Why or when does this not happen?
Prior to getting to near the end of your digestive tract, the ascorbic molecules or their two electrons may be used by the body. This could happen anywhere between your mouth and your colon. It may be "called out along the way," such as going 'through' or 'into' tissues like blood or lymph macrophages and more. Ascorbic is used for so many things in the body, affecting so many organs, systems, hormones and fluids that even after nearly a century of science it is not all known.

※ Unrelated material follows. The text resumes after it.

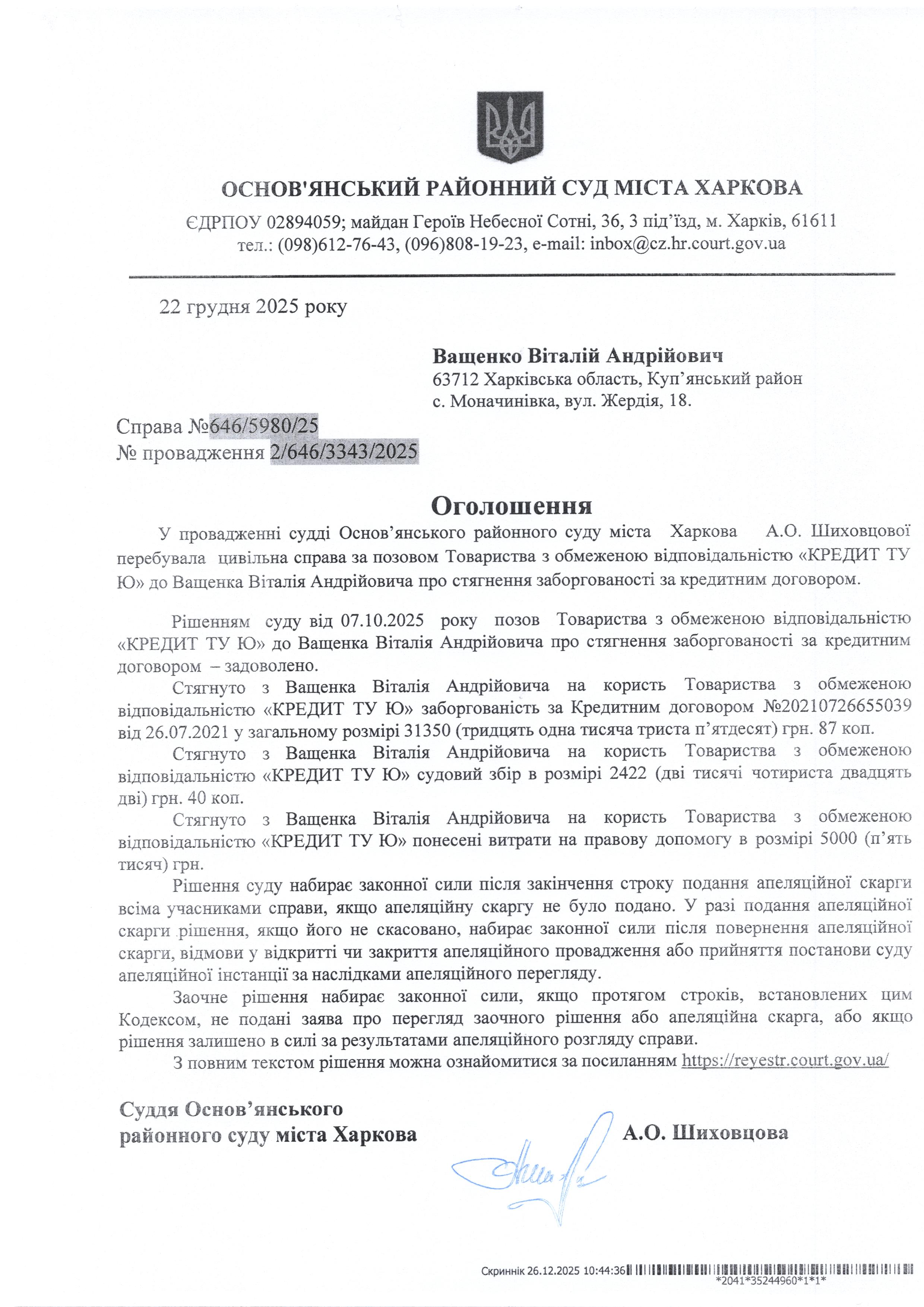 Оголошення по справі № 646/5980/25 для Ващенка Віталія Андрійовича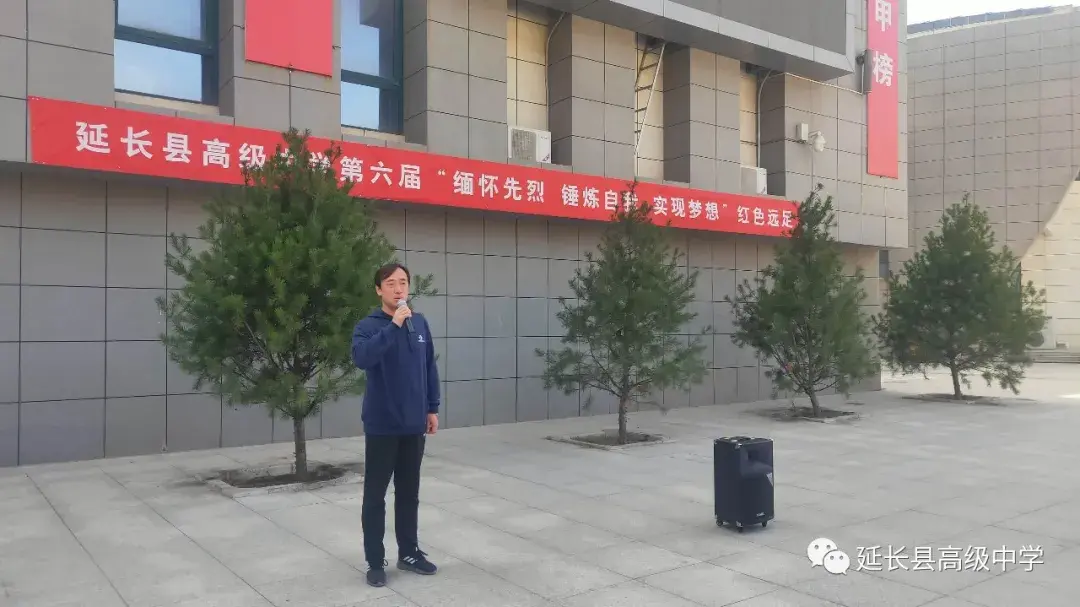 为了增强学生体质,磨砺学生意志,传承红色基因,2020年10月24日,延长县高级中学开展以“缅怀先烈、锤炼自我、实现梦想”为主题的第六届红色远足活动。校委会部分成员、学校高一、初一年级全体师生约700人参加了此次活动。副校长赵俊科主持开营仪式。他强调,希望同学们从思想上认识到、从行动上实践到,这次红色之旅是弘扬延安精神、传承红色基因之旅,爱国教育之旅,还是文明之旅、绿色之旅、环保之旅、励志之旅。希望同学们,汲取烈士精神的丰富营养,淬炼灵魂,做优秀的自己,做优秀的长中人。

Suffice to say that your body knows how to use it, if only you can get it to the parts of your body that need it. You can literally die via "acute localized scurvy" even when your bloodstream has a decent amount of C in it. What the tissues have is a separate measure, and different tissues hold different amounts, and even the plasma can hold a different amount than a whole-blood measure.
Some illnesses that are very virulent kill people not through the illness, but through the localized-tissue acute scurvy the illness creates. Some illnesses that are not very virulent, still kill people that way, because doctors are indoctrinated by an industry that wishes to evade unpatentable substances which preserve health, let alone cure illness or injury, and they simply do not know that the patient may have acute localized-scurvy (which is deadly) as part of (or a result of) their condition.

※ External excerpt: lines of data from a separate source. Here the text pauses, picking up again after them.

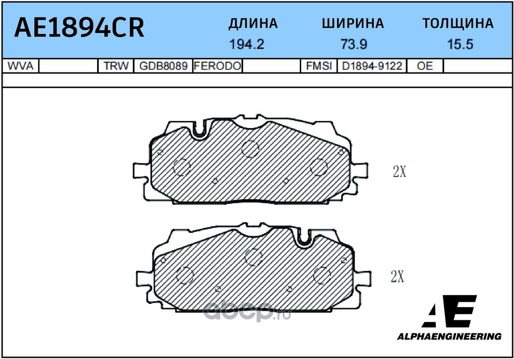 | ALPHA ENGINEERING | AE1894CR | CERAMIC Колодки ( С УСТАНОВОЧ. К-ТОМ ) | ||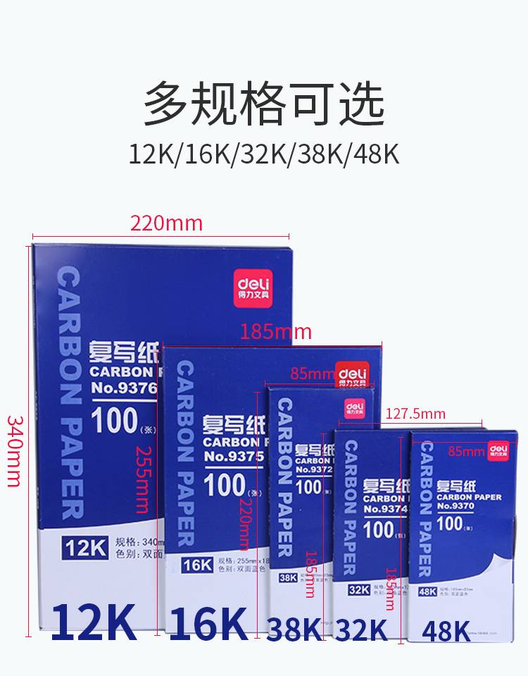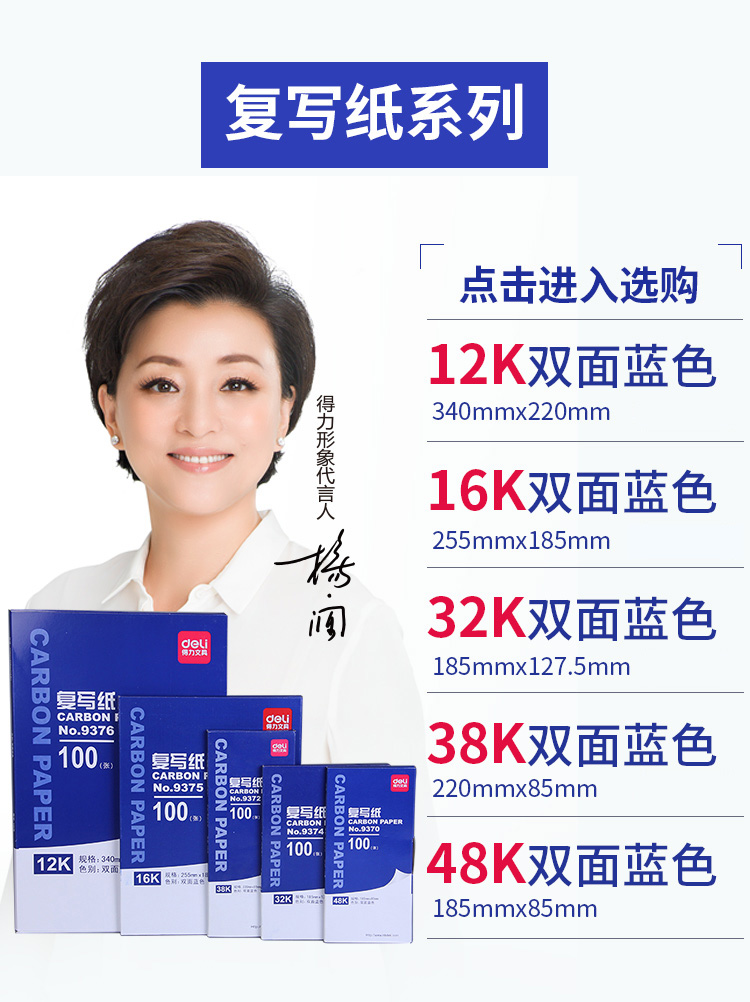 得力(deli) 9372 經(jīng)濟(jì)耐用薄型復(fù)寫紙(藍(lán))(8.5*22cm)-38K(100張/盒)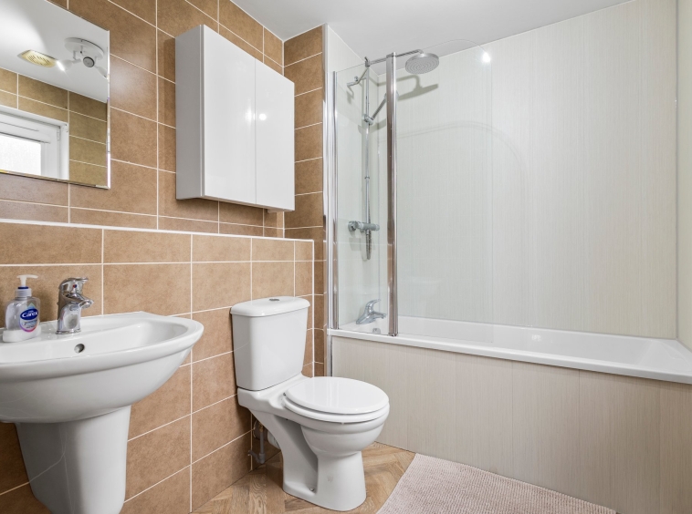 1.82m x 2.44m (6′ 0″ x 8′ 0″) Master bathroom comprising of WC, wash hand basin, mains shower over bath, neutral tiles to the wall, wet wall finish around the bath, herringbone vinyl flooring and opaque double glazed window to the side.

How much of the ascorbic is "already used up" by the time it hits your lower digestive tract is going to depend on what's going on in your body. If you are fighting off the flu, or you've just had a serious body-shock (psychological or physical), your body is going to use it in every way it can when you ingest it.
Your body may or may not be able to get much to a given set of tissues, depending on how much you take. Depending on your 'extra need,' there may be very little (if any) ascorbic left by the time your originally ingested dose gets to (or would have gotten to) the large intestine. Cathcart's bowel tolerance experiments (see figure below) suggest the "possibility" that perhaps the ascorbic is not "forced" fully into all body tissues until a certain critical amount is present.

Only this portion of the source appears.